• EXTRACTED INFORMATION
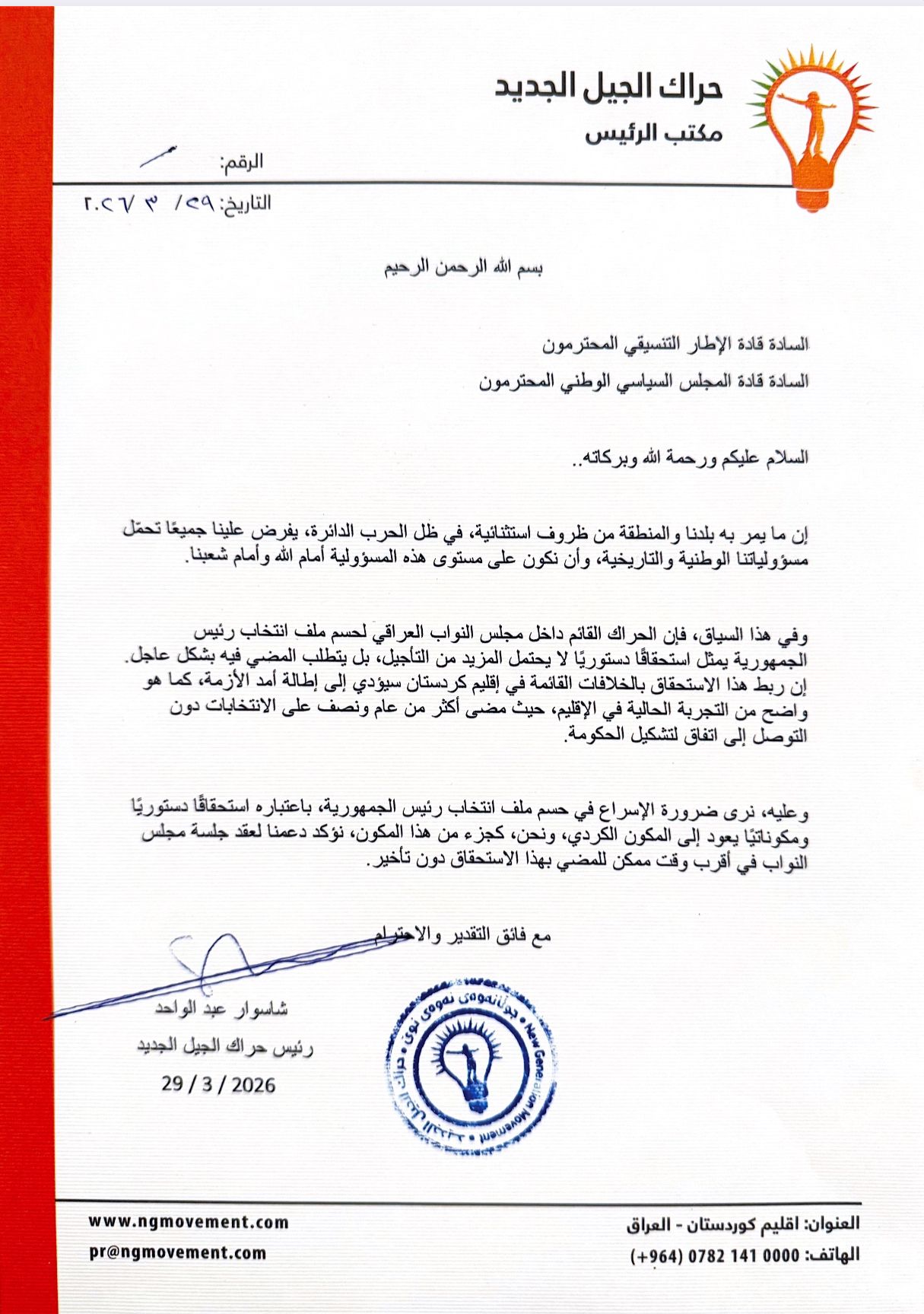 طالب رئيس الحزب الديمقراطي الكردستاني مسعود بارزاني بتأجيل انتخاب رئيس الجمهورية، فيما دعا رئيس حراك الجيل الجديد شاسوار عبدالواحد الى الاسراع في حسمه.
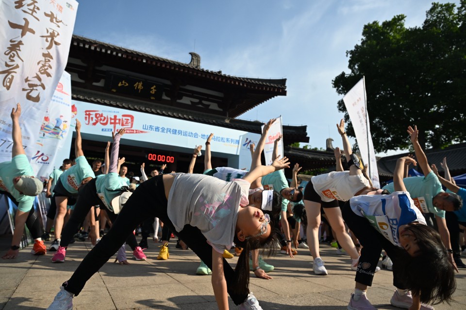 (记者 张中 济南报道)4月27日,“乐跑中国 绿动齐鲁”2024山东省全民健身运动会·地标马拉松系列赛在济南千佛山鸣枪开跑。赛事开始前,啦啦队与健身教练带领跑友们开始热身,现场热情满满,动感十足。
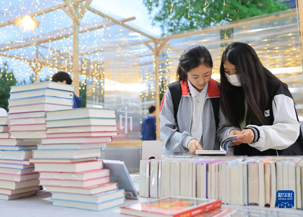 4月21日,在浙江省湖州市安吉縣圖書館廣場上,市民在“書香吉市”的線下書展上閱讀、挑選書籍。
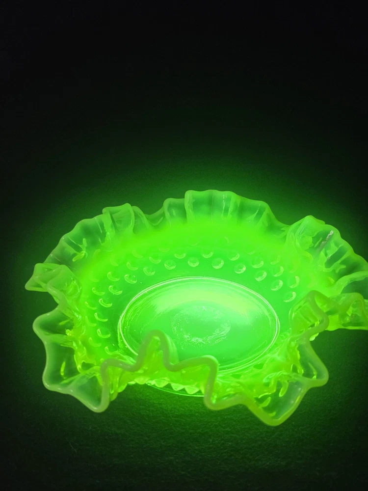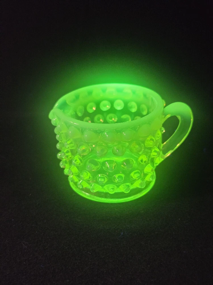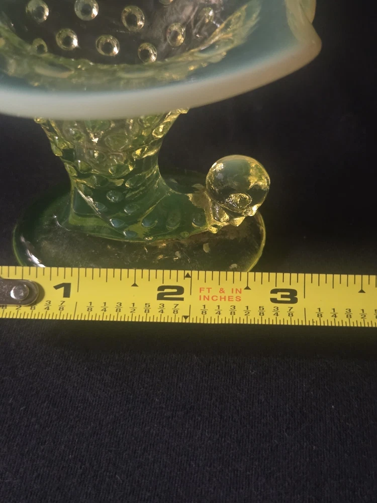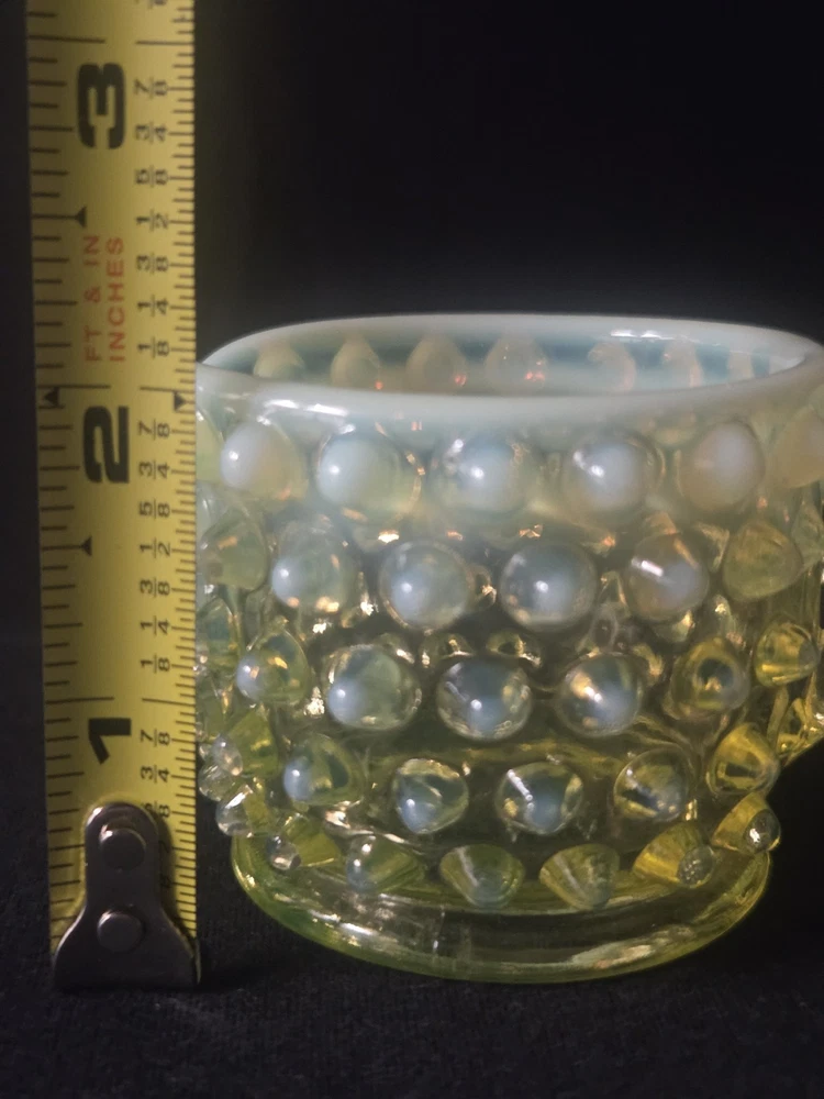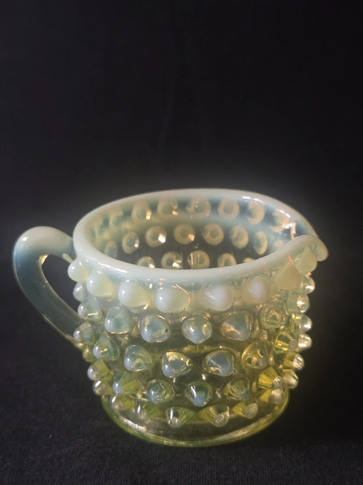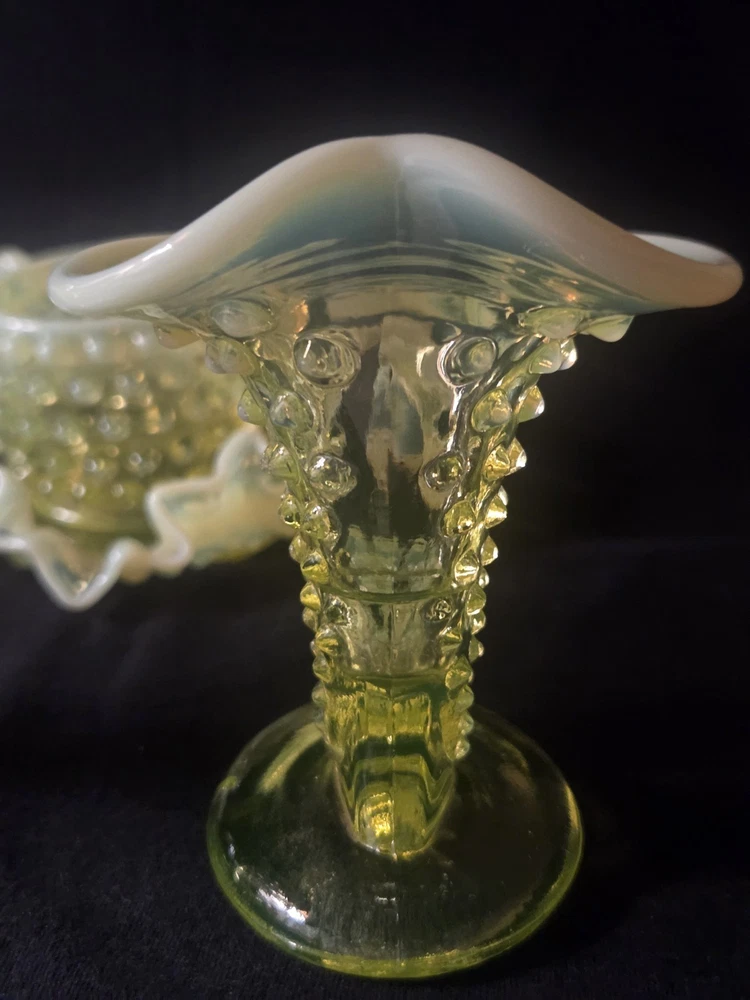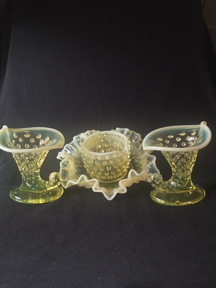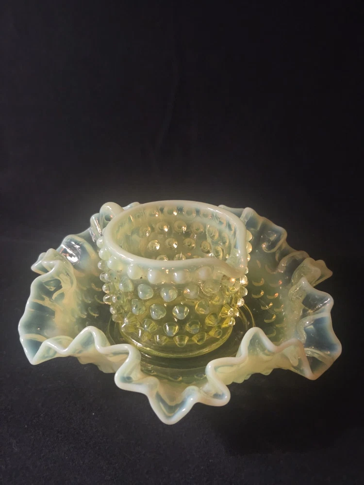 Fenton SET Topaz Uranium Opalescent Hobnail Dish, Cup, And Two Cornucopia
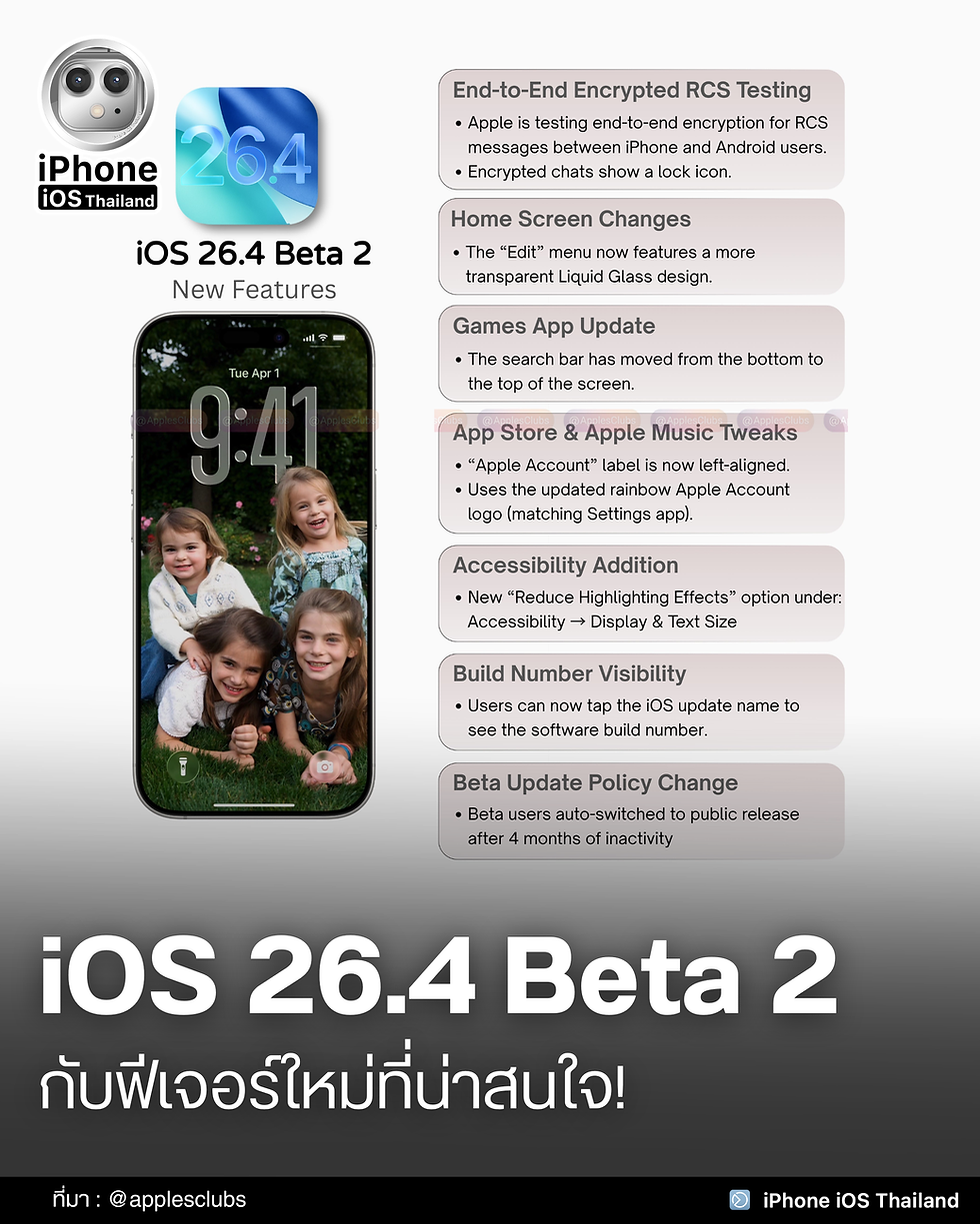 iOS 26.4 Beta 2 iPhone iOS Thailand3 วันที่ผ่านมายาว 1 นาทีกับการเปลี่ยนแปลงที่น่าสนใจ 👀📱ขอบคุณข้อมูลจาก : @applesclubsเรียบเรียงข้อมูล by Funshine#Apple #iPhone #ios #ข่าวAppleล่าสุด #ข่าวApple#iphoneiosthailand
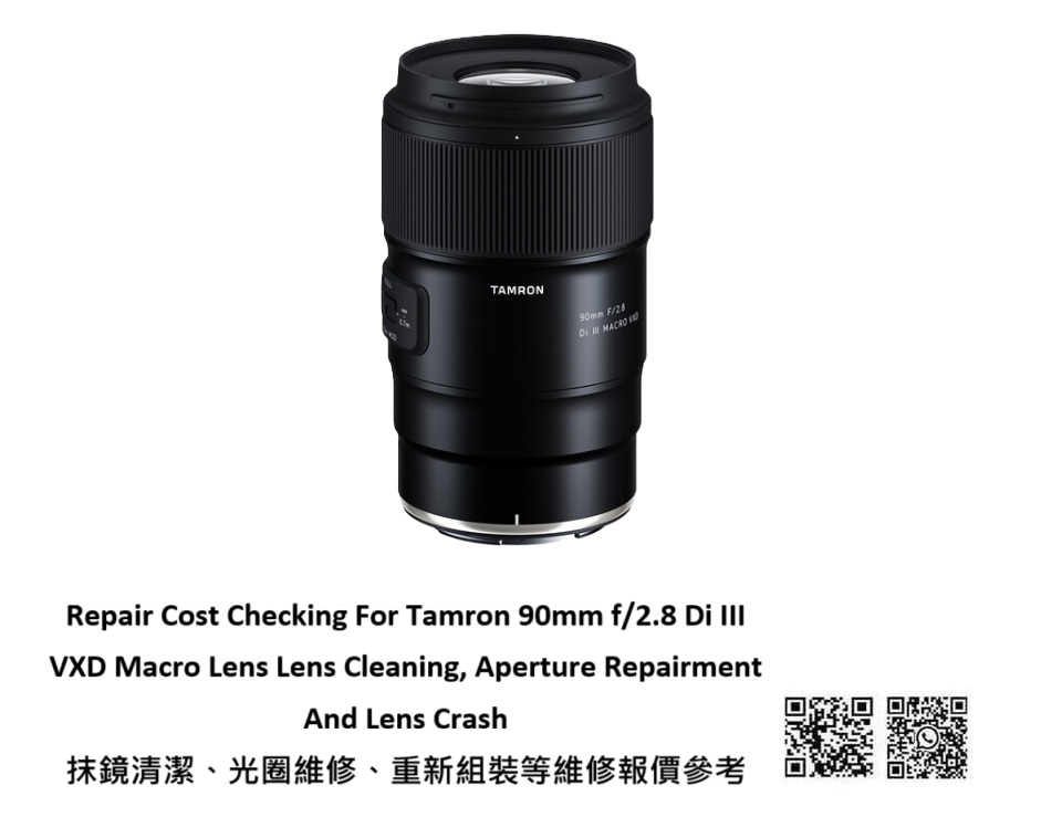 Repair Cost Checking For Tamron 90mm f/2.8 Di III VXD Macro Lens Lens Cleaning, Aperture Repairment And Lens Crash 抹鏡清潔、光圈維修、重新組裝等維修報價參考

• PROBLEM DETAILS
Wherever an image appears in the data, omit it and repeat everything else exactly.

• WRITTEN SOLUTION
 طالب رئيس الحزب الديمقراطي الكردستاني مسعود بارزاني بتأجيل انتخاب رئيس الجمهورية، فيما دعا رئيس حراك الجيل الجديد شاسوار عبدالواحد الى الاسراع في حسمه.
 (记者 张中 济南报道)4月27日,“乐跑中国 绿动齐鲁”2024山东省全民健身运动会·地标马拉松系列赛在济南千佛山鸣枪开跑。赛事开始前,啦啦队与健身教练带领跑友们开始热身,现场热情满满,动感十足。
 4月21日,在浙江省湖州市安吉縣圖書館廣場上,市民在“書香吉市”的線下書展上閱讀、挑選書籍。
 Fenton SET Topaz Uranium Opalescent Hobnail Dish, Cup, And Two Cornucopia
 iOS 26.4 Beta 2 iPhone iOS Thailand3 วันที่ผ่านมายาว 1 นาทีกับการเปลี่ยนแปลงที่น่าสนใจ 👀📱ขอบคุณข้อมูลจาก : @applesclubsเรียบเรียงข้อมูล by Funshine#Apple #iPhone #ios #ข่าวAppleล่าสุด #ข่าวApple#iphoneiosthailand
 Repair Cost Checking For Tamron 90mm f/2.8 Di III VXD Macro Lens Lens Cleaning, Aperture Repairment And Lens Crash 抹鏡清潔、光圈維修、重新組裝等維修報價參考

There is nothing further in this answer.